La intensidad con que se perciben y sienten las propias preferencias de cada ciudadano es la base más importante de la política, por mucho que sea la más desconocida y menos analizada: una minoría de intensos vencerá siempre a una mayoría poco motivada (y las mayorías nunca son intensas de manera constante y perdurable). El proceso democrático concede igual voz y voto a todos, es decir, es ciego ante la desigual intensidad individual de las preferencias. Pero el proceso político, más allá del voto, no es inmune a esa intensidad, sino tributario de ella. Los grupos pequeños y motivados siempre impondrán sus intereses por la lógica de la acción colectiva que describió hace ya tiempo Mancur Olson. Por eso, Politikon advierte que la introducción de mayores dosis de participación popular en el sistema democrático generará probablemente resultados desviados si no se tiene en cuenta, con carácter previo a la hora de diseñar su institucionalización, la existencia de los grupos pequeños intensos, unida al dato de la baja competencia política de la mayoría. Citemos de nuevo a Giovanni Sartori: el riesgo de una mayor participación democrática en los sistemas políticos actuales es el de que provoque una mayor intensidad, pero sin el contrapeso de una mayor competencia: vamos, el paraíso de los grupos pequeños muy motivados. O la pérdida de estabilidad del sistema, y recordemos que la estabilidad política es como la salud: no se nota hasta que se pierde.
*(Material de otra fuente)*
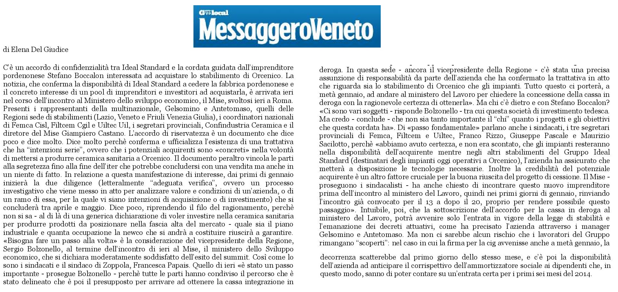 ''Normalmente le grandi società sono in grado di avere un rapporto misurato con il territorio in cui operano ma qui l'impressione e' stata differente, di modalità adottate ritenendo che questo fosse un Paese debole in cui si sarebbe potuto fare di tutto''. Cosi' il Presidente di Unindustria Pordenone, Michelangelo Agrusti, all'indomani della decisione assunta dalla Territoriale di Confindustria di non rappresentare più Ideal STandard in alcuna sede istituzionale, durante una conferenza stampa alla quale, questa mattina, hanno preso parte anche i vice presidenti Sergio Barel, Marco Camuccio, e Andrea Malacart. ''La comunità degli imprenditori di questa provincia ha altri codici - ha spiegato Agrusti - e sviluppato nel tempo una cultura di relazioni sindacali straordinaria. Intendiamoci: Unindustria assiste le aziende in difficoltà che sono in qualche modo giunte al capolinea ma e' chiaro, direi evidente, che nel momento in cui esistono concrete possibilità di ripresa o rilancio, noi alla morte scegliamo la vita. Preferiamo che le imprese che sono ancora in grado di farlo proseguano perché e' stato il manifatturiero a garantire la cifra industriale a questo territorio''. L'analitica ricostruzione della cronologia che ha ruotato attorno alla vicenda Ideal Standard e' già proiettata al futuro: ''Abbiamo chiesto e ottenuto una riunione al Mise per la prossima settimana - ha informato il Presidente - ragionevolmente mercoledì o giovedì, ci sono obbligazioni che in quella sede sono state assunte e che in quella sede debbono essere verificate. Certo - ha proseguito - trovo imbarazzante che a fronte dell'atteggiamento del Governo, che grazie anche all'interessamento della Regione aveva collocato IS in una short list di cassa in deroga sino a dicembre, eventualità davvero straordinaria che avrebbe garantito molte cose, sia stato raccolto un atteggiamento sprezzante non solo nei confronti di Pordenone e delle sue Istituzioni ma anche di quelle nazionali. Ognuno decide di vivere con l'eleganza che vuole, certo e' che qui discutiamo della vita di 450 persone''. Agrusti, ricordando l'atteggiamento estremamente responsabile delle organizzazioni sindacali, ha confermato che Unindustria, pur non rappresentando più IS, ''non si sottrarrà dall'obbligo civile di contribuire con tutti i soggetti rimasti in campo, affinché si individui una soluzione per il mantenimento dell'attività produttiva''.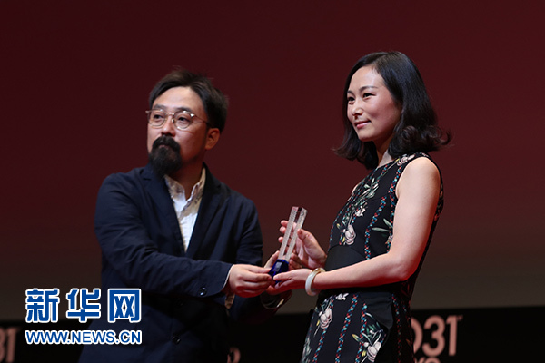 11月2日,在第31屆東京國際電影節(jié)頒獎典禮上,中國導(dǎo)演王麗娜(右)在作品《第一次的離別》獲“亞洲未來”單元最佳影片獎后上臺領(lǐng)獎。 新華社記者 杜瀟逸 攝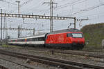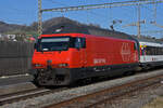 RABe 523 032, auf der S3, verlässt am 27.03.2023 den Bahnhof Gelterkinden.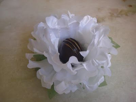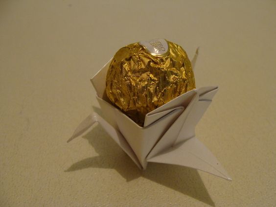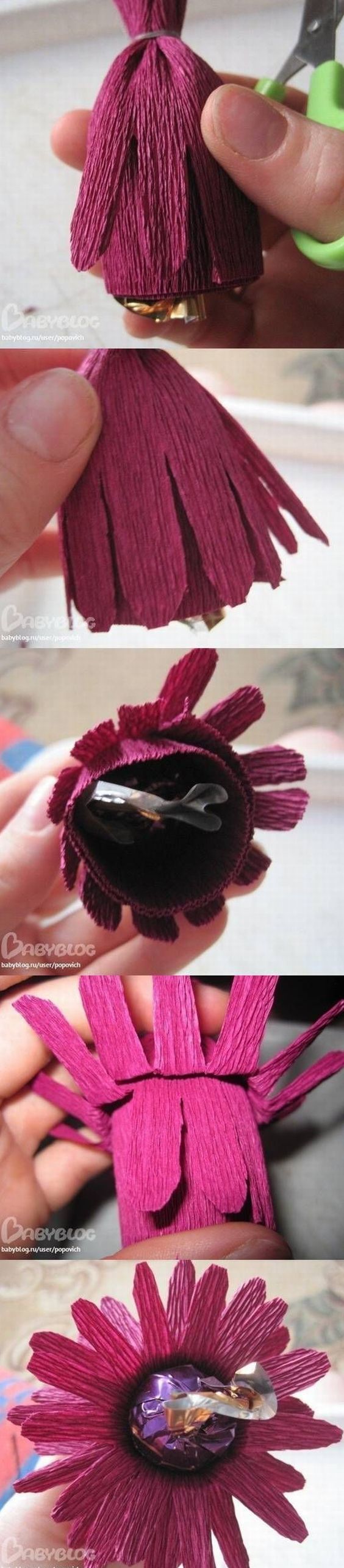 Corte uma tira de papel crepom com largura que seja maior que o tamanho do bombom escolhido. Prenda a parte de baixo da tira de papel crepom enrolada, com o auxílio de um pedaço de arame fino maleável ou de um pedaço de linha fina. Coloque o bombom dentro do rolo, no meio, e corte as camadas externas em formato de pétalas. Vá “abrindo” camadas de papel e cortando pétalas. Na camada de papel perto do bombom, se você desejar, cole-a ao redor do bombom, com o auxílio de um pedaço de fita adesiva dupla face.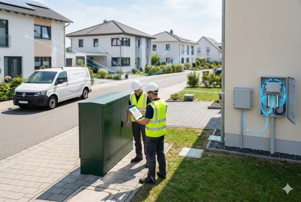 - Herstellung & Aktivierung: Fachgerechter Anschluss von Gebäuden an das bestehende Glasfasernetz.
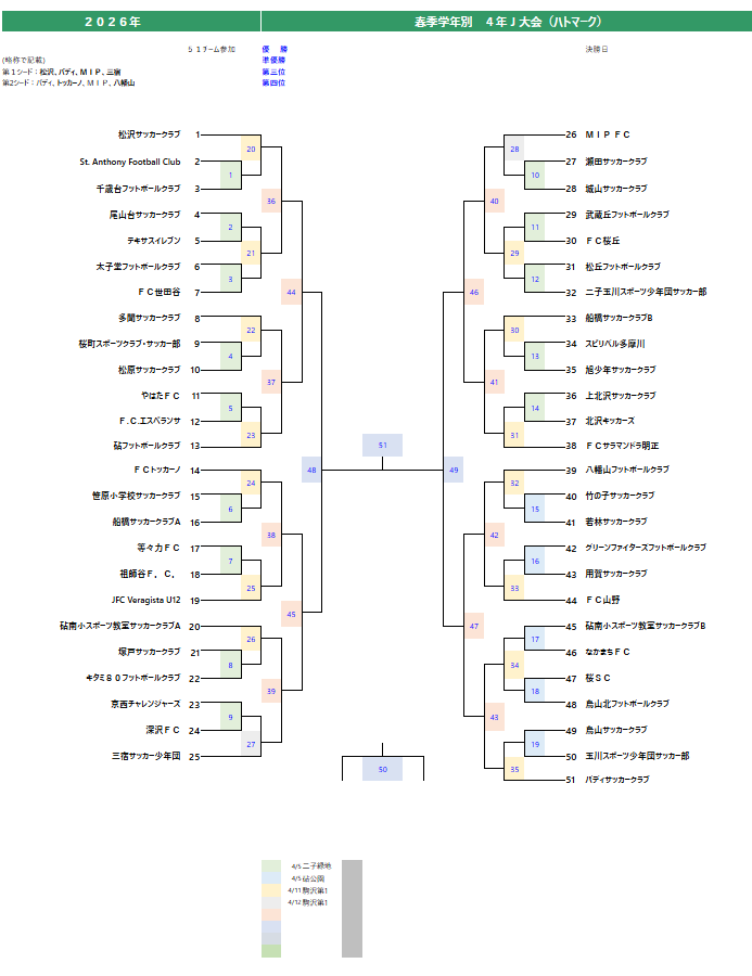 第1シード:前年の区民スポーツ大会「3年すぎのこ大会」のベスト4(松沢、バディB、MIP/A、三宿 A)

Para terminar, si hay un punto se echa a faltar en el estudio de Politikon es el de examinar la especial naturaleza del Estado en que se desarrollan las políticas que estudia: el de un Estado-parte de la Unión Europea. Como observa José María de Areilza Carvajal, los Estados europeos actuales son artefactos estatales de nuevo cuño, es decir, el hecho de formar parte de la Unión los ha transformado en un tipo de Estado hasta ahora desconocido: nada menos que alrededor del 30% de sus políticas públicas cotidianas se generan en Bruselas y la toma de decisiones en temas más globales se ha colectivizado en gran manera. Pues bien, sencillamente, en la Unión se exacerban los problemas de transparencia, rendición de cuentas y falta de equilibrada representación de intereses en la adopción de decisiones. Más aún, los ejecutivos nacionales se convierten en legisladores principales y aprueban normas por fuera de los mecanismos de control de sus capitales nacionales. Y las comunidades de expertos (en las que se integran parte de las propias burocracias nacionales) diseñan políticas sectoriales sin atender a demandas públicas contrastadas en las elecciones. Un caso de formulación de políticas públicas que merece un análisis particularizado, aunque sólo sea porque está generando un abismo entre las reglas formales de decisión política (las democracias nacionales) y los mecanismos reales con que se adoptan las decisiones.

José María Ruiz Soroa es abogado. Sus últimos libros son Seis tesis sobre el derecho a decidir. Panfleto político (Vitoria, Ciudadanía y Libertad, 2007), Tres ensayos liberales. Foralidad, lengua y autodeterminación (San Sebastián, Hiria Liburuak, 2008) y El esencialismo democrático (Madrid, Trotta, 2010).